Right now, he observed, “We’re a seed phase company so we’re somewhere between the lab and having commercial products, so we’re building demos and testing technologies out at larger scale, but we’re not yet scaled up.”
As for the business model at Nourish Ingredients, he said: “We’re a b2b company focusing on specialty liquid products.”
From a go-to-market perspective, Nourish’s initial primary focus will be North America, although it also has southeast Asia and Europe in its sights, which all have different regulatory frameworks.
When it comes to trying to explain to the media and investors what Nourish is doing, he said, “We’re probably more analogous to the Perfect Day type product [dairy proteins and fats made via engineered microbes] than Mission Barns [animal fat grown from animal cells].

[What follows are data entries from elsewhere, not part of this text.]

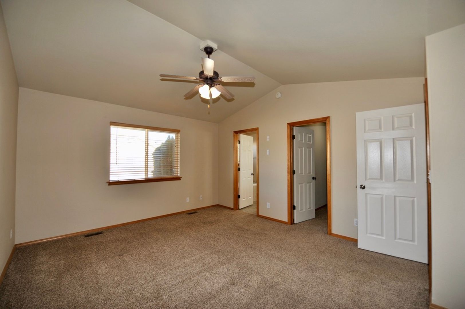 There is a double sided gas fireplace in between the dining area and living room. The living room has vaulted ceilings and a ceiling fan with large windows to let in natural light.
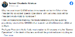 "With only a few days remaining for President Akufo-Addo to turn over, why has a staggering GH₵60 million been transferred to the Office of the President for so-called "Special Operations"?" He asked.
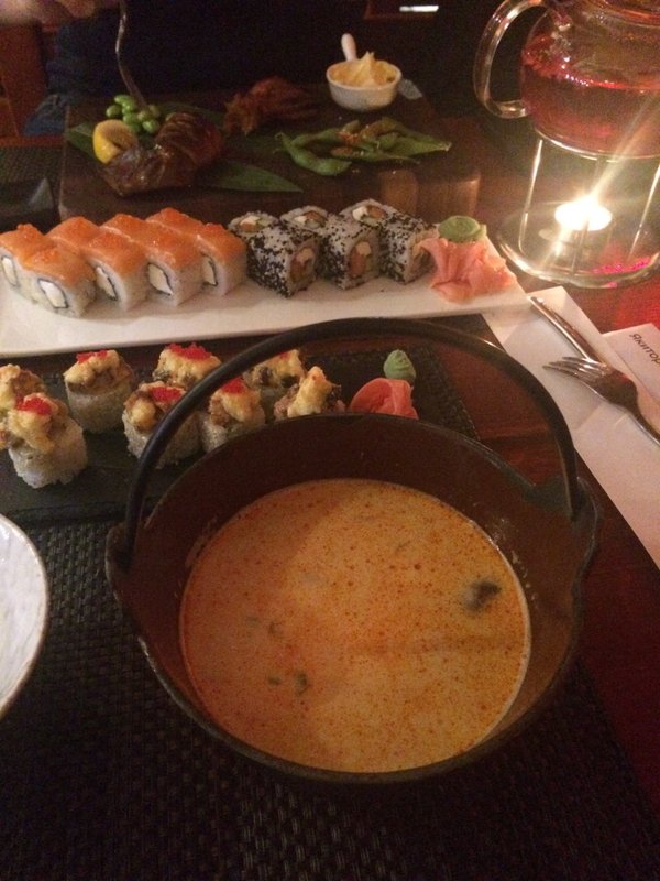 А ещё мы работаем как суши-бар и спорт-бар.

“So with Perfect Day you have recombinant fermentation production of an animal protein that is then going into an animal free food and I think that's quite akin to what we're doing.”
On labeling (what do you call animal-free animal fats, for example), it’s an open question that Nourish is wrestling with, but has not yet nailed down, he said: “It's an industry wide question: What's the best way to refer to a fermentation derived product?”